VOMED Volzer Medizintechnik GmbH & Co. KG
In Göhren 25
78532 Tuttlingen
Phone: +49 7461 965700
Fax: +49 7461 9657050
E-mail address: datenschutz(at)vomed.de

2. contact details of the data protection officer

Edmund Hilt
hilt evolution
datenschutz(at)hilt-evolution.com

3. processing purposes and legal basis

Your personal data will be processed in accordance with the provisions of the General Data Protection Regulation (GDPR), the German Federal Data Protection Act (BDSG) and other relevant data protection regulations. The processing and use of individual data depends on the agreed or requested service. You can find further details and additions to the processing purposes in our contract documents, forms, declarations of consent and other information provided to you (e.g. on the website or in the terms and conditions).

3.1 Consent (Art. 6 para. 1 letter a GDPR)

If you have given us your consent to the processing of personal data, the respective consent is the legal basis for the processing mentioned there; you can revoke your consent at any time with effect for the future.

3.2 Fulfillment of contractual obligations (Art. 6 para. 1 letter b GDPR)

We process your personal data for the performance of our contracts with you. Furthermore, your personal data will be processed to carry out measures and activities in the context of pre-contractual relationships.

3.3 Fulfillment of legal obligations (Art. 6 para. 1 c GDPR)

We process your personal data if this is necessary to fulfill legal obligations (e.g. commercial and tax laws).

 

Furthermore, we may process your data to prevent, combat and investigate the financing of terrorism and criminal offenses that endanger assets, for comparisons with European and international anti-terror lists, to fulfill tax control and reporting obligations and to archive data for the purposes of data protection and data security as well as for audits by tax, customs and other authorities. In addition, the disclosure of personal data may become necessary in the context of official/judicial measures for the purposes of gathering evidence, criminal prosecution or the enforcement of civil law claims.
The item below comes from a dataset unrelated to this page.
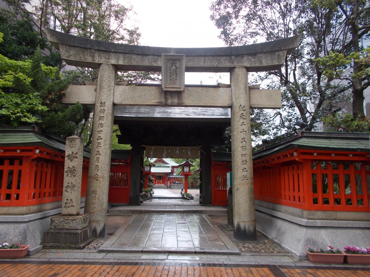 この水鏡天満宮は菅原道真公が博多に上陸し川の水で自分の姿を映しその谷津らた姿に悲しんだという場所に作られました。17世紀になって黒田長政が城下町づくりで福岡城の鬼門にあたる場所にこの天満宮を移築させました。今の場所です。天満宮は博多市内にいくつかありますがこの水鏡天満宮は趣があります。美しさを感じます。

3.4 Legitimate interest of us or third parties (Art. 6 para. 1 f GDPR)

We may also use your personal data on the basis of a balancing of interests to protect our legitimate interests or those of third parties. This is done for the following purposes:

- for advertising or market research, if you have not objected to the use of your data.

- for obtaining information and exchanging data with credit agencies if this goes beyond our economic risk.

- for the limited storage of your data if deletion is not possible or only possible with disproportionate effort due to the special type of storage.

- for comparison with European and international anti-terror lists, if this goes beyond the legal obligations.

- for the further development of services and products as well as existing systems and processes.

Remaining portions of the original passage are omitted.